You’ve probably noticed a lot of cellared beer reviews rolling out as of late, which has actually delayed me writing about this whole concept of cellaring beer. I guess writing about drinking cellared beer trumps writing about how to cellar beer.
And I say “how to” very, very loosely. There are plenty of other resources out there that will tell you at what temperature beer should be cellared and in what kind of conditions. For those of us without basements, especially those of us who live in Chicago apartments, know we can’t meet many if any of those requirements.
So this is more about how to NOT drink what’s in your cellar — at least not drink it until you really want to.
It might sound silly but we hear that quite a bit; people wondering how we have the willpower to cellar beer for years and even decades.
@guysdrinkinbeer Wow, that's a noble cause (talk about serious will power).
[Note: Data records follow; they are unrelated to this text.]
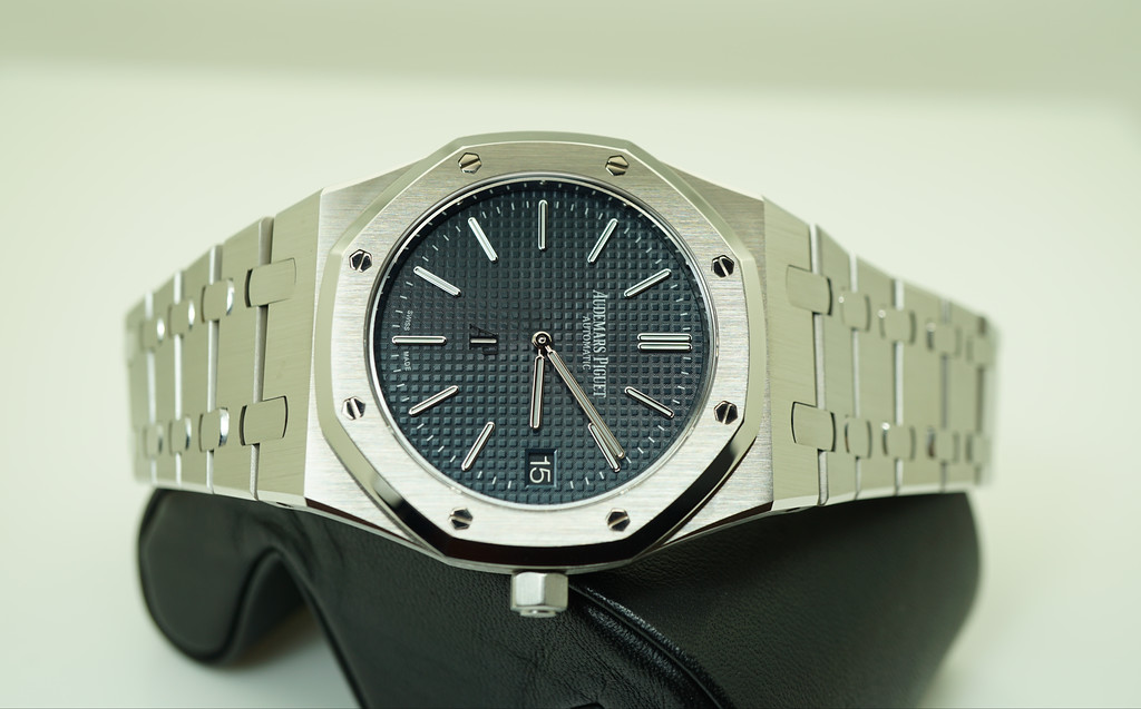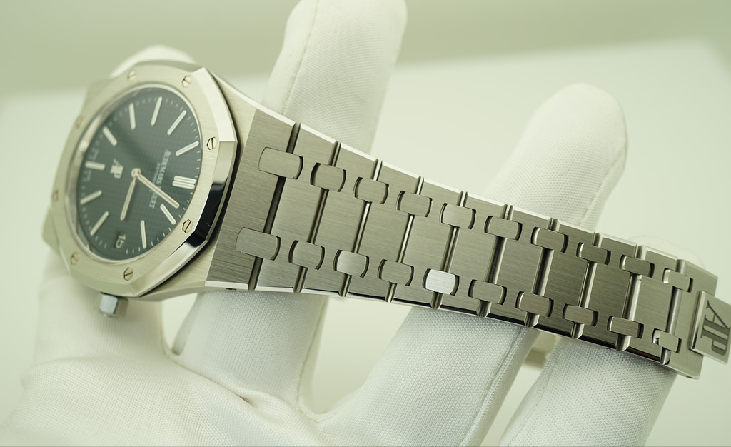 A Mint, Unpolished Condition & Very Beautiful 39mm Audemars Piguet Royal Oak Jumbo Extra-thin 15202 Stainless Steel in J Series with Dark Blue Dial & New Style Clasp. Purchased from Audemars Piguet Authorized Dealer in 02.2017.
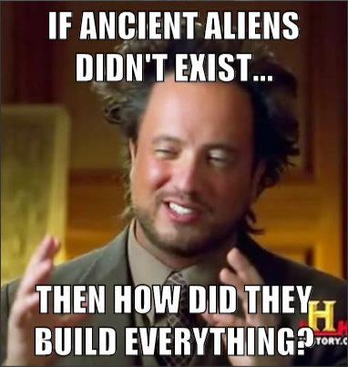 Det här kallas för forntida astronauter-teorin, eller som det heter i teveserien, forntida utomjordingar, och den går helt enkelt ut på att varelser från andra planeter kom till vår jord och hjälpte oss i vår utveckling. Pyramiderna var för svåra att bygga för korkade människor.
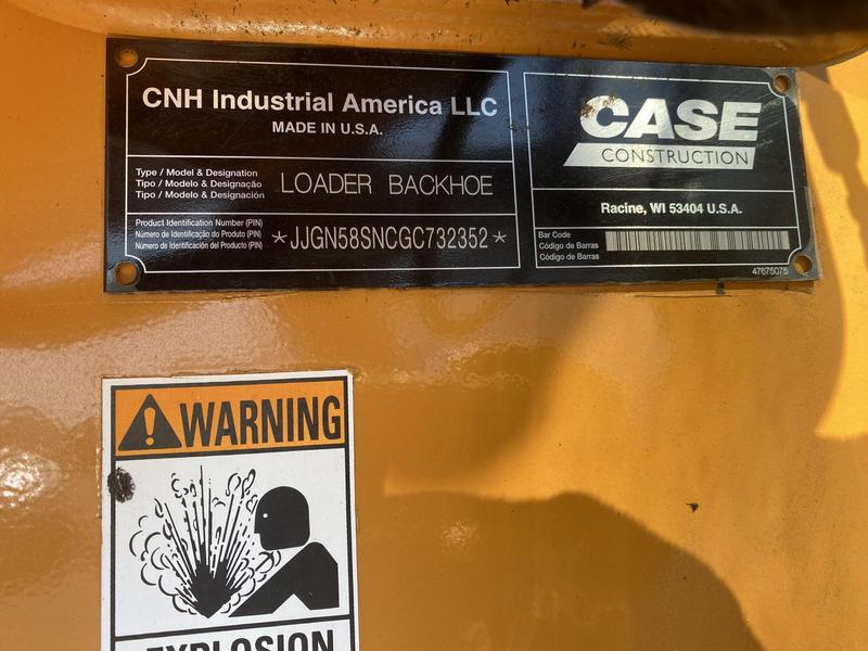 2016 Case 580 Super N Backhoe Front end Loader 4 Wheel Drive Diesel, rear stabilizer, yellow exterior, black interior, vinyl, 4316 hr. This listing is a former municipality asset.
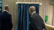 Prince Philip being introduced to people and unveiling plaque to mark the opening of the Warner Stand and jokes "You are now seeing the world's most experienced plaque unvieler" SOT / plaque
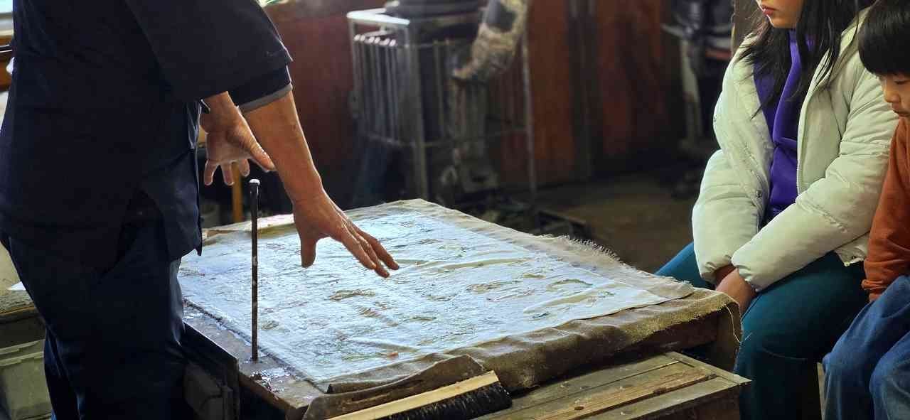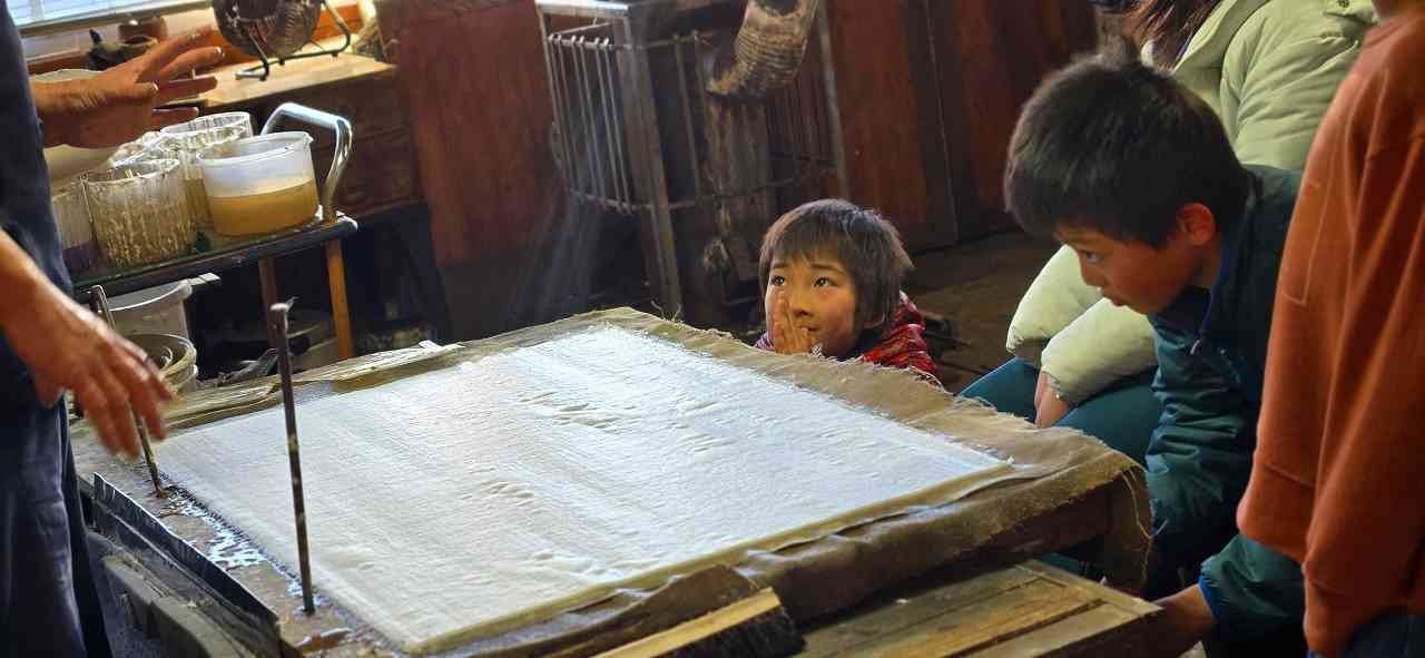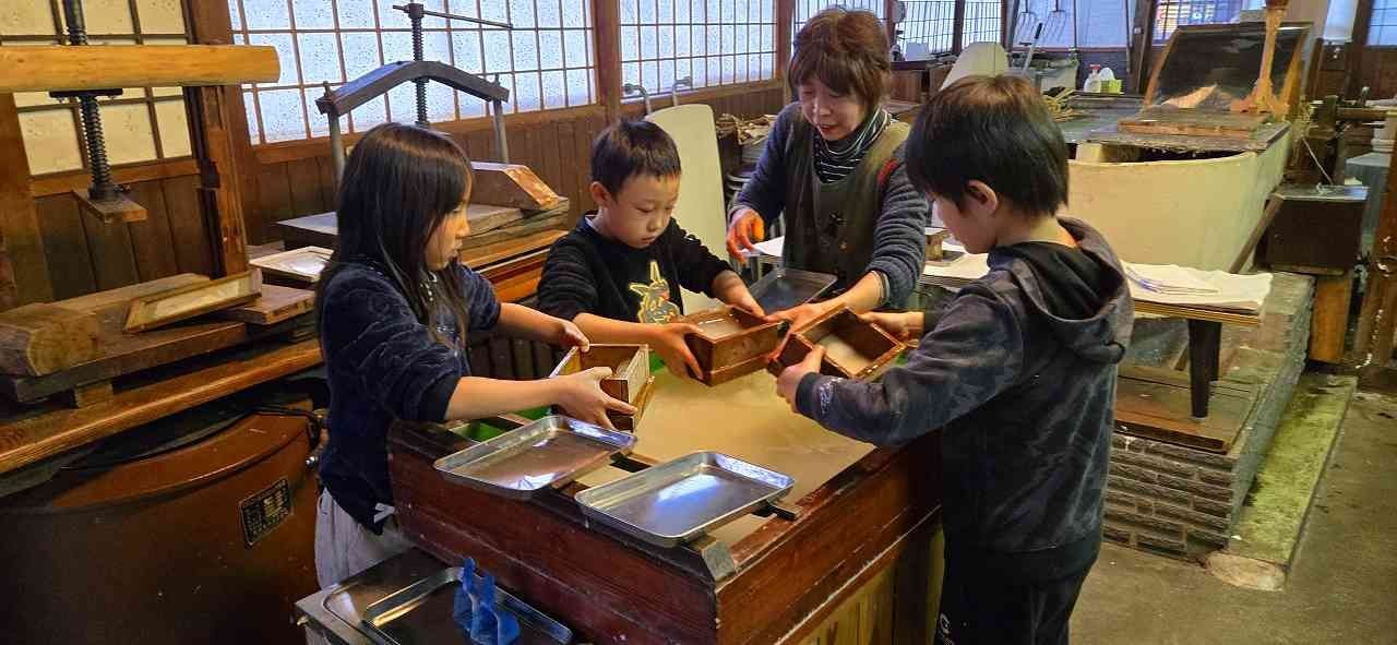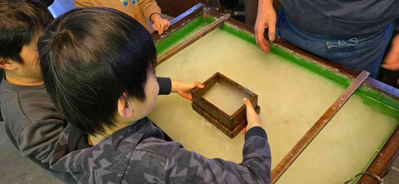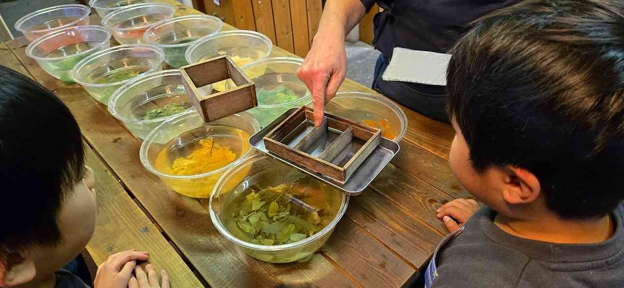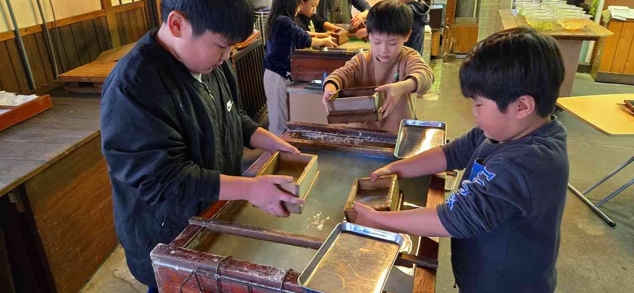 紙がどうやって生まれたのか、和紙とは何なのか、そしていざ自分で紙漉き体験に取り組んでみるという活動を行いました!

— DRAFT Beer Editor (@DRAFTbeereditor) March 5, 2014
For starters, we make it a point to cellar with a purpose. For instance, a few years ago I picked up a case each of Bell’s Batch 9,000 and Bell’s Batch 10,000 with the intent of sampling a bottle every six months to a year, see how it’s developing and report the findings on this site. And I stuck to it. Other times I’m building up a five, ten or even 20-year vertical and only pick up one bottle of the beer I need to fill that year’s slot.
The purposely cellared beer, by the way, I track using a color-coded spreadsheet because organization. It allows me to keep tabs on what is up for a tasting, track what I have and how long before I accumulate enough bottles to complete a vertical.
I do, however, have a few beers that I’ve picked up along the way solely out of curiosity and with no real plan for what to do with the bottles.
And it wasn’t until our legal analyst, Thom Vogelhuber, graciously gave us two cans of Heady Topper that I actually looked at my spreadsheet to find something that wasn’t earmarked that I could give him as a “thank you” beer. I found those beers, the ones I picked up just for the hell of it, beers I completely forgot I had. It turns out some were prime for the drinking including five-year old bottles of Dogfish Head 120 Minute IPA, World Wide Stout and Olde School Barleywine.
This brings us to the real secret of cellaring beer; being forgetful — or at least not tormenting yourself with what’s in your cellar. Beer takes time to age and, if you can swing it, ideally needs to be in a dark place. If you stash a few cases in the back of a closet but check in on your beer three times a day you aren’t doing it any favors.
This isn’t like checking on a batch of homebrew. You aren’t going to see it aging. So consider this a friendly tip to try and not obsessively check on your cellar. Keep the beer out of reach and let it be.